Podría tratarse de una combinación de servicios financieros y no financieros que aportaran a una comunidad, quizás con forma de cooperativa, lo necesario para progresar de forma sólida y sostenible en ámbitos como la educación, la salud, el desarrollo de microempresas o la consecución de una creciente autonomía financiera.

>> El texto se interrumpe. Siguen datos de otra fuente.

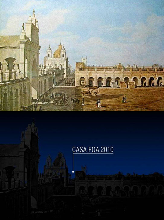 la zona en la que se ubica el edificio en diferentes épocas, en tres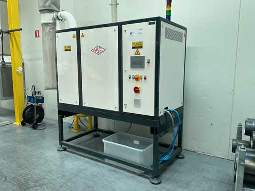 Pour l’usinage de la feuille en blocs de bordure via cette unité, mesurée sans la version/tube d’environ 155 cm, ainsi que l’unité d’extraction à 1 mâchoire sur le dessus de la machine. Les deux sont inclus et peuvent être démontés si nécessaire. Équipé d’un panneau de commande tactile Simatic HMI SIEMENS.
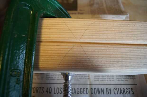 Paso n º 2 Otra vez, "seco-abrazadera" la base antes de pegar. Antes de retirar las abrazaderas, marque con una alineación, "X", para evitar que accidentalmente montar incorrectamente.
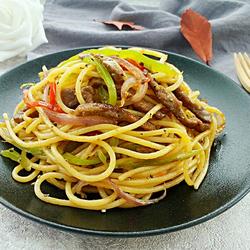 Recipe of stir-fried spaghetti with black pepper beef fillet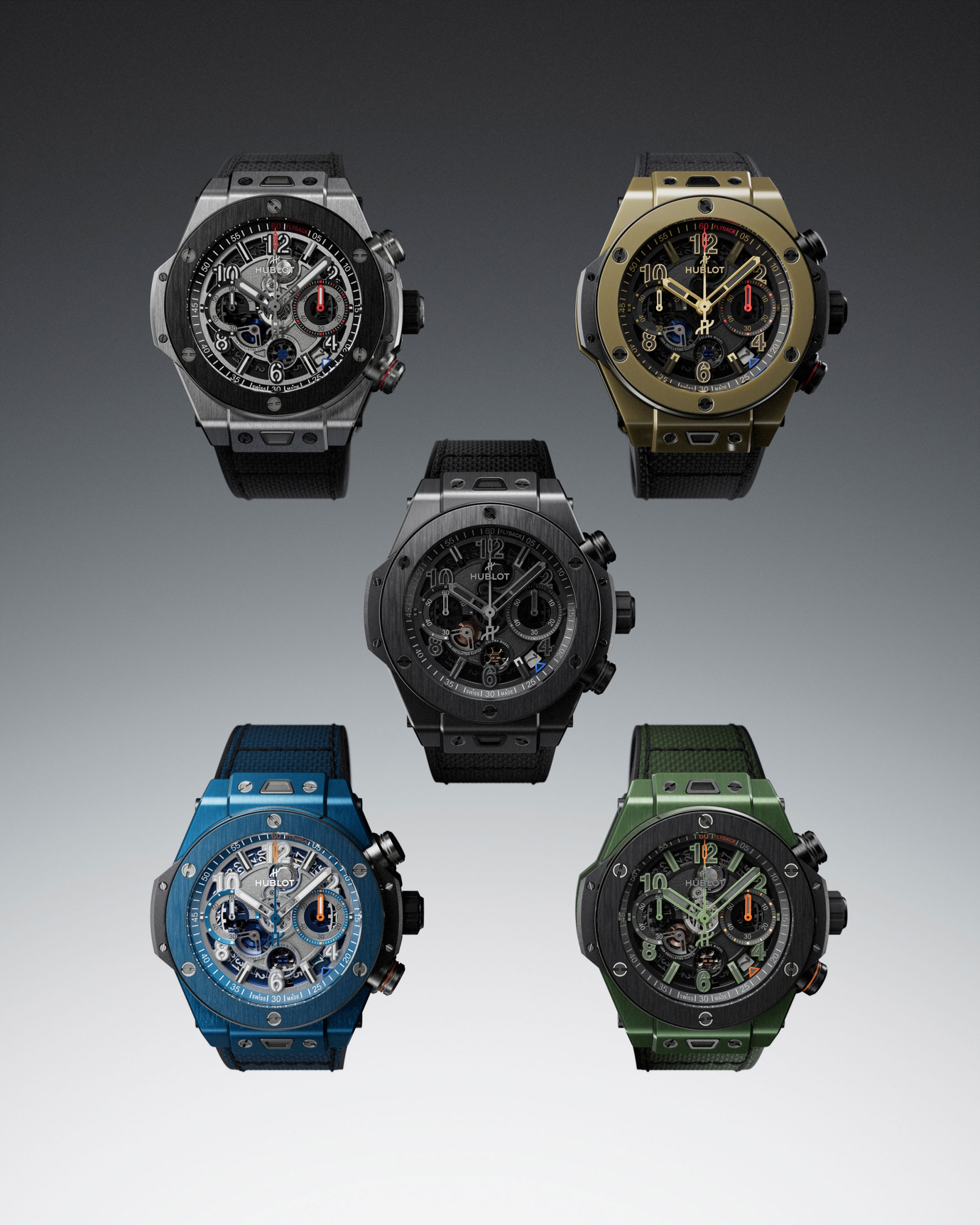 Ceramic được thể hiện qua ba phiên bản: All Black kỷ niệm 20 năm khái niệm “visibility through invisibility” mang tính cách mạng, cùng hai phiên bản xanh dương và xanh lá đậm thể hiện năng lực làm chủ ceramic công nghệ cao đa sắc của Hublot, với độ cứng cao hơn 300 Vickers so với ceramic thông thường. Phiên bản thứ năm kết hợp Titanium và Black Ceramic, hòa trộn titanium cấp hàng không siêu nhẹ với ceramic kỹ thuật nhằm đảm bảo độ bền tối đa, với bezel và vỏ titanium kết hợp nắp lưng ceramic đen – gợi nhớ đến Big Bang Unico đầu tiên ra mắt năm 2013.

Autonomía financiera que podría venir, esta vez si, de la mano de un programa bien organizado de ahorro colectivo y regular. De esta manera se crearía un fondo propio de ahorro cuya rentabilidad procedería de microcréditos que comenzarían cubriendo necesidades básicas. Poco a poco, con el crecimiento del fondo, irían dando respuesta otras necesidades mayores. Un proceso que requiere, de nuevo, capacitación, seguimiento, organización y tecnología. Además de paciencia y perseverancia. Pero, atención, no requiere de financiación externa y debería ser auto-sostenible a partir de un determinado momento en la medida en que los gastos operativos vayan siendo soportados por los rendimientos del fondo de ahorro y crédito.
Jorge Bolívar es presidente de la Fundación I&C, Inversión y Cooperación y el principal promotor de la comunidad QLOUD INCLUSION. Su misión es promover el impacto social y la sostenibilidad de proyectos de inclusión social a través de un uso eficiente de la tecnología, la educación y las microfinanzas.